[katello-devel] Content views operations optimization

Fri Jun 14 13:11:47 UTC 2013

On 06/14/2013 09:09 AM, Jay Dobies wrote:
>>> Content view promotion
>>> ----------------------
>>> We basically just copy existing repos without changing their content,
>>> therefore:
>>>
>>> * computing metadata is useless, as we have the very same metadata
>>>    already in the original repositories of the content view version
>  >
>> I can't really speak to this as this is done in pulp, but the only
>> situation where you could simply 'copy' the metadata would be if the
>> destination repo was empty and we were copying everything with a single
>> call.  There is no linkage between two repos in pulp except during a
>> copy operation, so pulp wouldn't necessarily know that two repos are
>> exactly the same unless the above occured or it checked it against all
>> repos.  Due to performance reasons we have to copy units individually
>> (rpm, errata, etc...) and for rpms specify distinct fields for the copy
>> operation.
>
> A massive +1 to this. In blindly copying the metadata, we'd be ignoring
> the server inventory entirely and potentially publishing content that
> doesn't actually exist in the repository. The inventory model is a very
> core concept in Pulp and bypassing that feels wrong on a number of levels.
>
> As for the copy individually, we have a solution for it, we just haven't
> had time to do it.
>
>
>>> * indexing the repositories is useless as it should be just the same
>>> as the
>>>    index for the original repositories of the content view version
>> Its not the same :)  We use the repoids field on packages & errata to
>> make searching useful.  Without it we won't know what packages are in
>> what repos.  We potentially could investigate fetching the data from
>> Elastic Search, modifying the repoid list ourselves and updating it
>> within elasticsearch.  I'm not sure if that would be faster or not.  My
>> guess is that it might be faster (simply becuase fetching data via ES is
>> faster) but we would have to test it to see.
>>
>> Another option might be to use the update feature of ES
>> http://www.elasticsearch.org/guide/reference/api/update/   My guess is
>> that would be much much faster.
>>
>>>
>>> Composite content view publishing
>>> ---------------------------------
>>>
>>> I wonder what operations really need to be performed here?
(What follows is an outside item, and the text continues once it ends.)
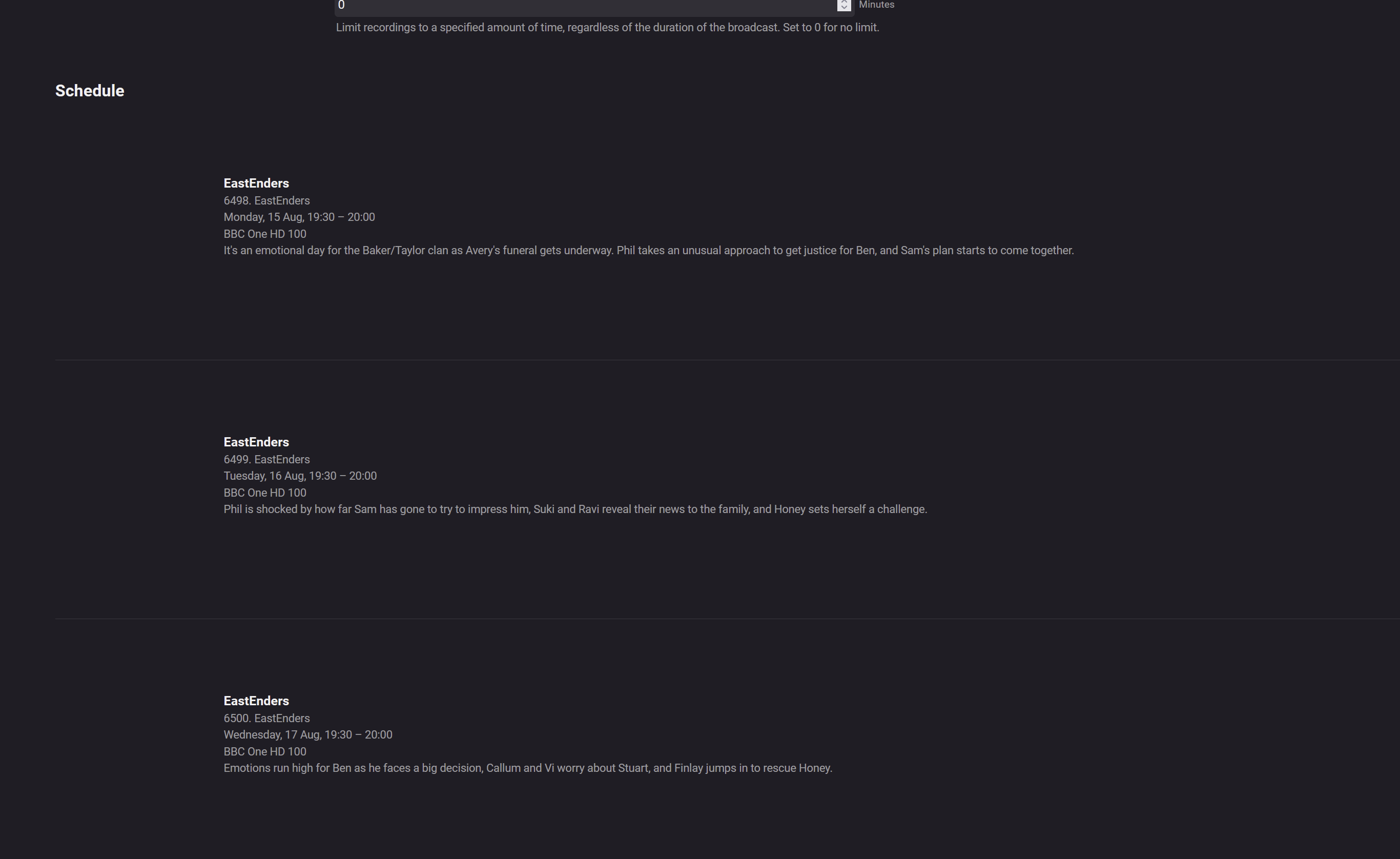 Luke 42085 Posted August 12, 2022 Posted August 12, 2022 Are you sure it did at the time, because this is how the recording saved: 2022-08-11 19:27:12.433 Info LiveTV: Will record to E:\Recorded TV Series\EastEnders\EastEnders 2022_08_11_19_30_00 - EastEnders.ts If there were numbers it would have been using season and episode numbers instead of a date in the file name. Anyway I can see the issue in your case. When the title of the episodes are the same, the server thinks they are the same episode. Easy fix is we won't do this comparison when the episode title is the same as the series title.
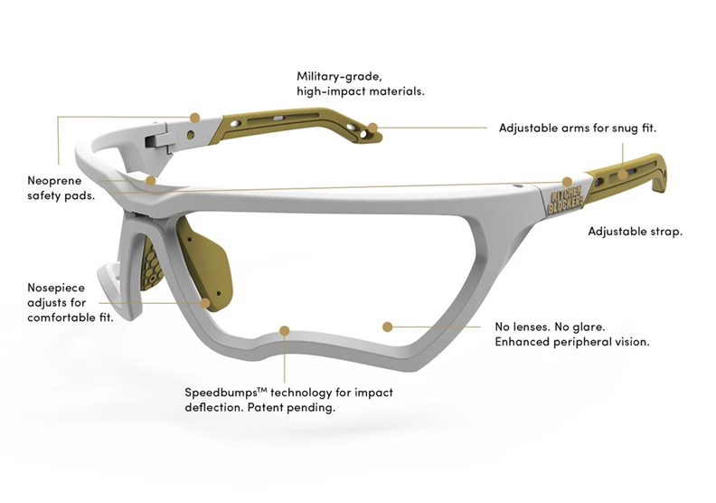 Lens Free Optimal Frame Shape: By having no lenses, Kitchen Blockers allows you to perform at your highest level without any light refractions and means zero fogging while you play the sport you love! Carefully crafted frame design using patented speed bump technology provides full peripheral vision so you are able to see whats happening on the court from all angles!

It seems to
>>> me,
>>> that it just references the sub-content-views, not bearing any info
>>> about the
>>> content itself (guessing form the fact, that promotion of a composite
>>> means promoting
>>> the sub-content-views). Still, it takes 10 minutes to publish it with
>>> real-world repos
>>> (RHEL, EPEL, katello)
>>
>> Due to the way subscription-manager & candlepin work, we are unable to
>> point a system to repos in two different candlepin environments.  A
>> system can only know a) Organization, b) Candlepin Environment, c)
>> Content path and it assembles the url from that:
>>
>>    http://HOSTNAME/pulp/repos/ORG/CP_Environment/Content_Path
>>
>> the Candlepin Environment in this case is the Katello Environment &
>> Content View Combination.  So a system cannot point to
>> /ACME/Dev/View1/ContentA and /ACME/Dev/View2/ContentB at the same time.
>> If it could we probably could get away without content views.  So we
>> compromised and did composite views.   One option that we could
>> investigate would be to reuse a pulp repo within pulp for the composite
>> and its component, and just publish via 2 yum distributors to two
>> different paths.   That may complicate the code greatly, but could be
>> worth investigation.  It would stlil require a publish to occur twice
>> though, so you are really only saving the repo creation and unit copy
>> aspects.
>>
>>
>> I do agree that it takes far to long to publish/promote a content view
>> with a very large repo and we & the pulp team should try to make it
>> faster :)

So do we. The goal is going to be to rewrite the distributor like we 
rewrote the importer for 2.2. We make some symlinks and concatenate some 
XML; there's no reason it should take as long as it does today.

>> -Justin
>>
>>
>>>
>>>
>>> Am I missing something here, or we are really able to reduce the
>>> metadata calculation and
>>> indexing to the content view publish phase and the rest should be
>>> really just about copying
>>> symlinks (which could also be optimized heavily when learning Pulp how
>>> to create a repository
>>> simply by symlinking another one)
>>>
>>> -- Ivan
>>>
>>> _______________________________________________
>>> katello-devel mailing list
>>> katello-devel at redhat.com
>>> https://www.redhat.com/mailman/listinfo/katello-devel
>>
>> _______________________________________________
>> katello-devel mailing list
>> katello-devel at redhat.com
>> https://www.redhat.com/mailman/listinfo/katello-devel
>
>

-- 
Jay Dobies
Freenode: jdob @ #pulp
http://pulpproject.org